Is there really such a thing as a mid-life crisis? Well, I wouldn't actually call it a "crisis," but rather a wake-up call that seems to occur when people hit their mid to late 40's. Why? Well, simply stated it has a lot do with the gift of finally having some time to think.
The fact is that in our 20's and 30's most of us are so busy establishing our careers, finding a partner, buying a house, and having babies, that we rarely have time to think beyond our family's immediate needs. Then a funny thing happens in our 40's when we hit the half-way point of our life expectancy-- our kids become more independent, our careers are more established, and we start to see not just our parents, but some of our own peers get sick and die, which inevitably forces us to face our own mortality and find answers to some big questions, and I do mean BIG questions like:
1. What's the point of it all?
2. Am I really happy?
3. What have I done with my life thus far?
4. What's my real purpose here?
5. What do I want to do going forward?
As we work through these questions, not everyone is going to decide to change life partners. Some just want to move to a different location or change careers, some want to modify how they spend their money or how they spend their free time. Inevitably, however, when you are part of a family, these kinds of major changes don't happen in a vacuum-- it only takes one person's desire for change to have a drastic impact on everyone around them. I call this the ripple effect-- and sadly, not everyone is going to be 100% on board with the waves of change, so they will resist any modification to life as they know it. This is what often leads to an unforeseen chain of events that 9 out of 10 times results in the need to restructure family ties, and that is what I then have to address every day as a divorce lawyer.
Interestingly enough, most divorces are actually initiated by women, not men. The current stats show that over 65% of divorces after age 50 are filed by women-- and I think this number will continue to increase as our financial independence and life style options continue to grow because let's face it-- 100 years ago a woman's life expectancy was only 40, whereas today it is 80; meanwhile, our work options outside the home were almost nonexistent a century ago, and yet in the 21st century (as of 2008 to be exact) women in their early 20's and 30's are now better educated and are out-earning their male counterparts resulting in the growing realization that staying married in order to survive and/or raise children really is a choice, not a necessity.

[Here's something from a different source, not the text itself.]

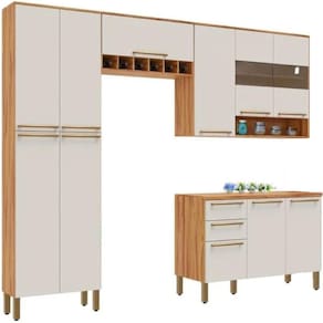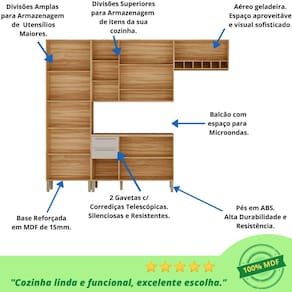A Cozinha Napoli Prime é um produto 100% MDF, o seu acabamento é em pintura U.V. e fita de bordo FF. Possui 4 peças, Aéreo Geladeira Com Adega, Aéreo Triplo, Balcão com Tampo e Paneleiro Duplo. Conta com 11 portas e 2 Gavetas com corrediças telescópicas e Pés em ABS com 17 cm altura e com Regulagem.

Another point that I had not considered until I read "The Female Brain," is that hormones play a huge part into how a woman's brain functions, and as more studies have been conducted, they have learned that indeed as the "mommy brain" phases out and the fog starts to clear, we do become less tolerant of always sacrificing our needs for the benefit of all those around us. In our 40's and well into our 50's we start to really advocate for ourselves and indulge in our own desires more, and even though I have yet to reach menopause, I can already see how far less tolerant I am of miserable situations compared to 10 years ago-- life is simply too short to keep putting up with b.s. and many my age share this point of view.
So, maybe now you can start to understand why in my industry we see such a huge spike in divorces around the mid-life timeframe, which for a variety of reasons causes people to re-evaluate their lives and find the courage to make drastic changes where necessary. Personally, I don't see this is as a "crisis" at all, but rather an opportunity to re-assess where we are and address the problem areas in our lives that are preventing us from finding true peace and happiness. If your life partner chooses to be part of the solution, that is fantastic, and if not, oh well... sometimes you have to let part of your life go so that something better can come along. Just know you are not alone, and no matter how it all plays out, this too shall pass.